I had been a railway manager for nigh on thirty years. After four years as the Chief Operating Manager of British Rail’s largest Region, the London Midland, which stretched from London to Birmingham, Liverpool, Manchester and the Scottish border, I’d been appointed BR’s first overall ‘Reliability & Quality Manager’. And then, after the Clapham Junction train accident at the end of 1988, I’d been asked by the Board Member to whom I reported to chair the small team pulling together the evidence for the subsequent judicial inquiry which took place at the Methodist Central Hall in Westminster during the Spring and Summer of 1989. I’d written a number of papers on quality management and after the Inquiry had finished and before the inquiry report was published, I was asked to undertake a three week project for the BR consultancy company, Transmark, to advise the Western Railway of Australia in Perth.

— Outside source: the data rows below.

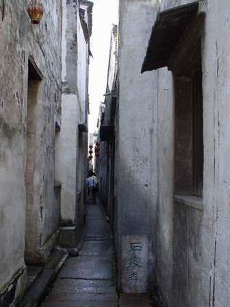 古镇在明代以前大户人家有唐、王、赵、陆四姓,明以后又有倪、蒋、朱、卜、陆等大户,故多建有深宅大院。宅深形成长长的弄,镇上现仍长短不一的弄122条,其中百米以上的宅弄有5条,最有特色的一条露天弄名叫石皮弄。 石皮弄是王家子孙两宅第之间形成的一条弄,地面用168块石板铺成。全长68米,最窄处仅0.8米。<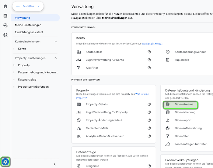 Um die eigene IP-Adresse herauszufiltern, geht ihr links unten auf Verwaltung und dann rechts auf Datenstreams und wählt ihn aus.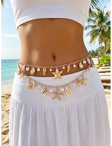 Cadena de cintura de doble capa estilo bohemio para mujer, material de aleación con forma de concha, colgantes de estrella de mar y concha, vacaciones en la playa, uso casual diario, accesorio para festivales de verano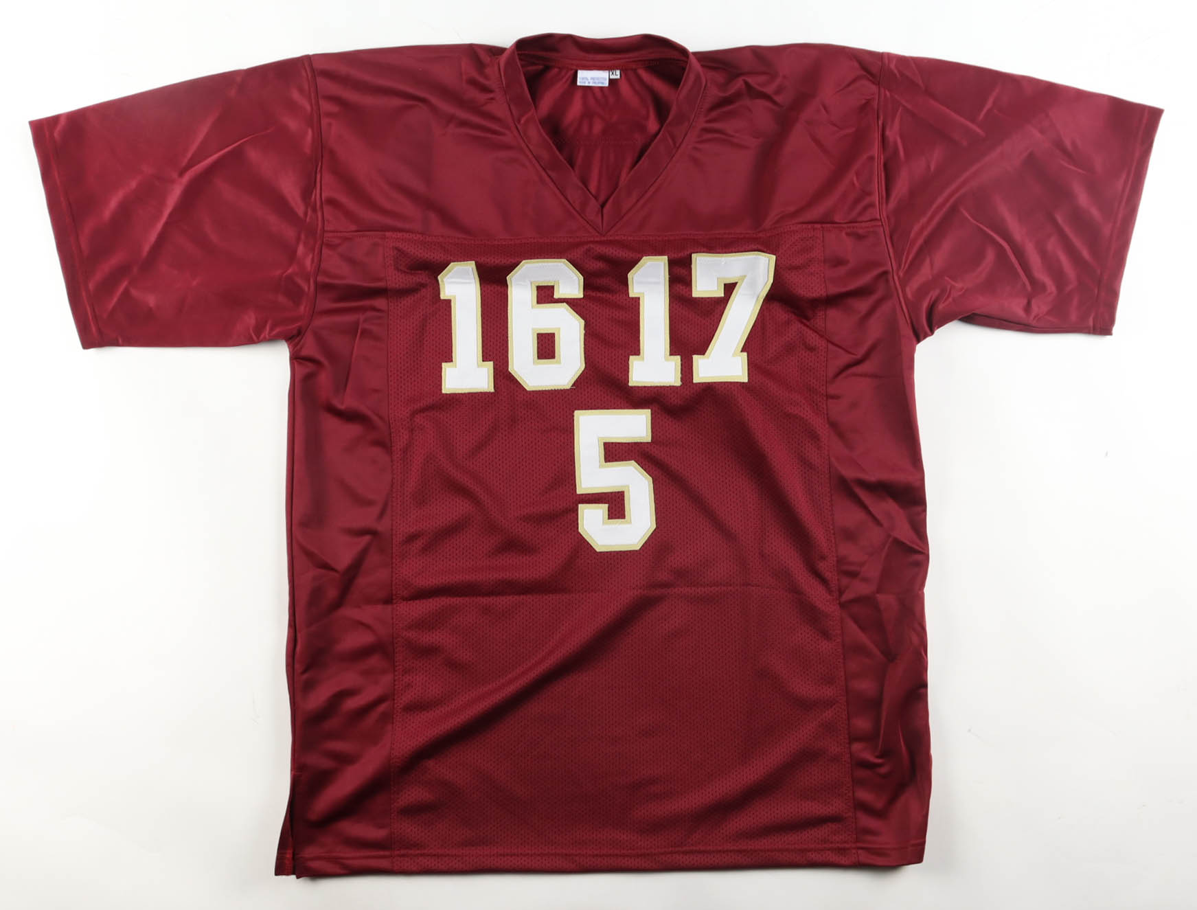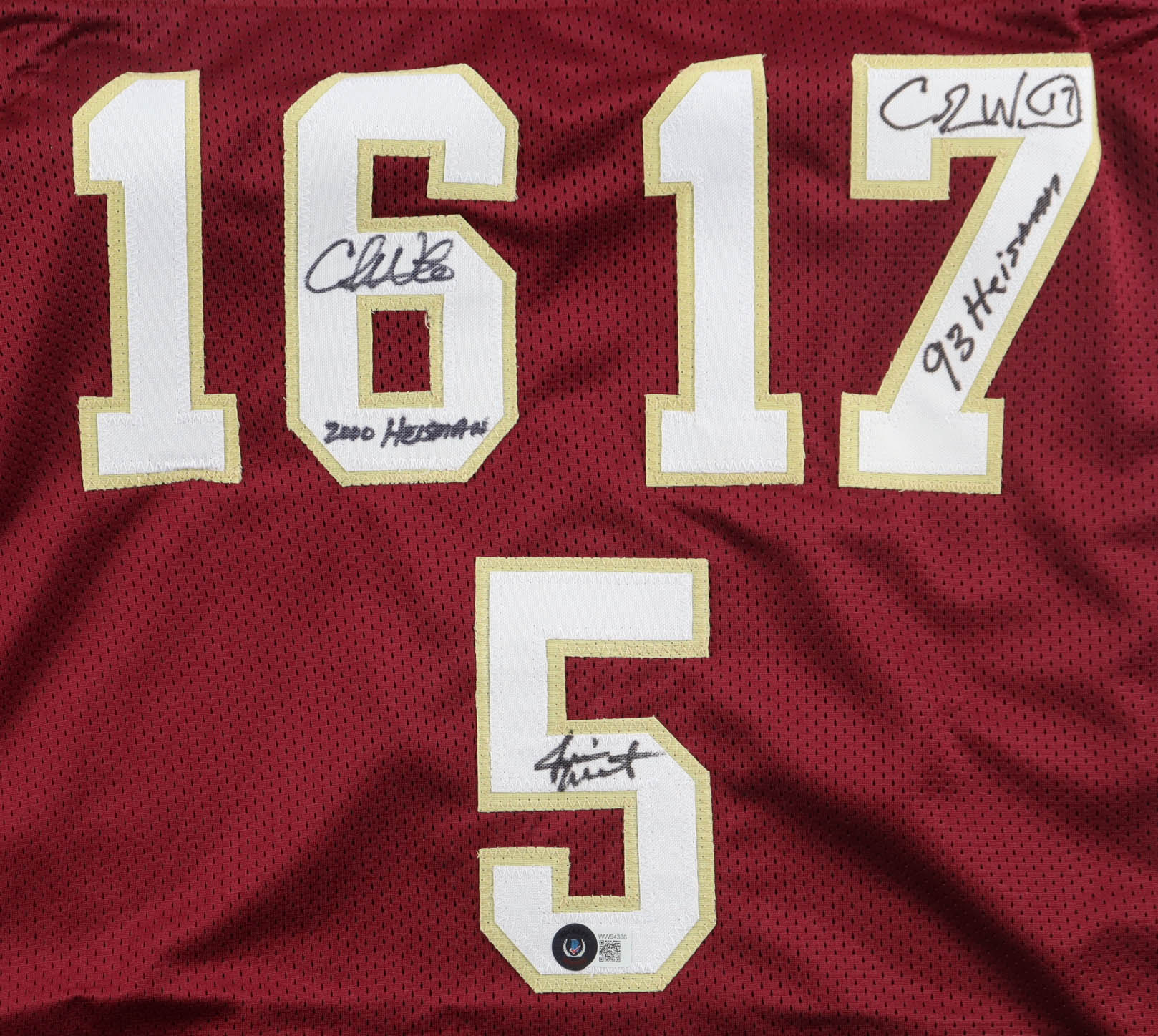 Custom jersey with everything sewn on, size XL. Hand-signed and inscribed by Jameis Winston, Chris Weinke, Charlie Ward.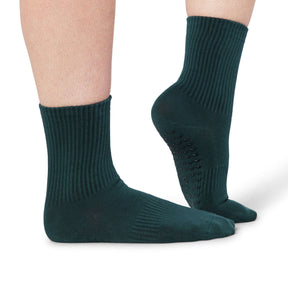 Sla een voorraadje in van onze antislip, zachte katoenen Reformer Pilates sokken in bosgroen, met extra gripvaste zolen voor een perfecte houding en om je letterlijk met beide benen op de grond te houden.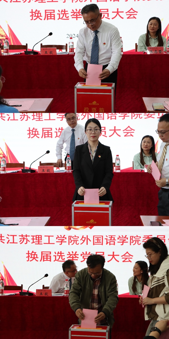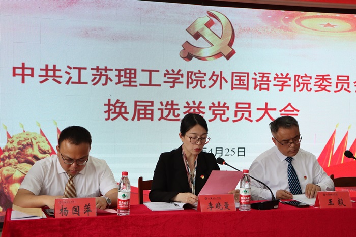 大会严格按照组织程序,宣读通过了《中共江苏理工学院外国语学院委员会换届选举党员大会选举办法(草案)》,表决通过了总监票人、监票人和计票人名单。与会党员认真履行党员职责,采用无记名投票、差额选举的方式,选举产生了外国语学院新一届党委委员。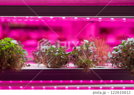 Full spectrum LED grow lights for Nasturtium. Hydroponics and modern methods of growing microgreens

When the assignment was finished, I flew home with Singapore Airlines and spent a couple of days sightseeing in the airline’s home city, and had arranged a second stop-over in the Indian city then still called Bombay, since renamed Mumbai, although many of the locals still refer to it by its former name. My reason for this, apart from the opportunity of seeing fresh places, was to visit a family in Bombay with whom my family had corresponded for a number of years. We’d been sponsoring the education of a girl through a scheme run at that time by ‘Save the Children’ and I’d asked - as my flight was calling at Bombay anyway - if it would be possible to meet her and her family. Arrangements had been made and my plane touched down at midnight on a hot and sultry night in September 1989.
I was not feeling well. I was virtually last off the Jumbo Jet and found myself near the back of the huge queue progressing slowly through the immigration procedures in the arrival hall which at that time was not air conditioned. I was nervous at the prospect of my meeting with the girl’s family wondering how I’d be received, whether we would be able to cope with the languages and make ourselves understood. And not only that, I’d made the mistake the night previously of taking the weekly part of my anti-malaria medication on top of an empty stomach and was now feeling decidedly queasy.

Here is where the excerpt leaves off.